Prof. Farine said most interspecific interactions, including those between humans and other animals, are competitive rather than mutually beneficial, but not in the case of the dolphins and fishers.

He added: “This makes this system of substantial scientific interest, as it can help us to understand under what conditions cooperation can evolve and – of growing importance in our rapidly changing world – under what conditions it might go extinct, or flip from a cooperative to a competitive interaction.”

Traditional cooperative fishing between Lahille's bottlenose dolphins and artisanal net-casting fishers in Laguna. (Mauricio Cantor via SWNS)

The researchers suggest conservation action is needed to ensure the future of the practice.

Both the dolphins and the fishers are reliant on a strong and healthy fish population for the cooperative relationship to succeed.

But in recent years, the region has seen reduced availability of fish.

And Prof. Daura-Jorge warned that there is also reduced interest in learning the tradition.

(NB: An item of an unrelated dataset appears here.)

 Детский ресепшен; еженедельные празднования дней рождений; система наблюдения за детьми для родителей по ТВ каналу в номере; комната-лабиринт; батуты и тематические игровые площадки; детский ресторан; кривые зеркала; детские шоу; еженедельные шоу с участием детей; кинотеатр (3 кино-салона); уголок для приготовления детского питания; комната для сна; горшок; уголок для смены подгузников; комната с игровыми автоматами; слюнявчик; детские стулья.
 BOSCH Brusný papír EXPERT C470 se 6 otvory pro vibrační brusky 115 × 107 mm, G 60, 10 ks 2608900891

He said: “We don’t know what is going to happen in the future, but our best guess, using our best data and best models, is that if things keep going the way they are right now, there will be a time when the interaction will no longer be of interest by at least one of the predators – the dolphins or the fishers."

Dr. Cantor added: “This phenomenon of mutually-beneficial interaction between wildlife and humans is getting more and more rare and seems to be at global risk.

“The cultural value and the biological diversity are important, and it’s important to preserve it.”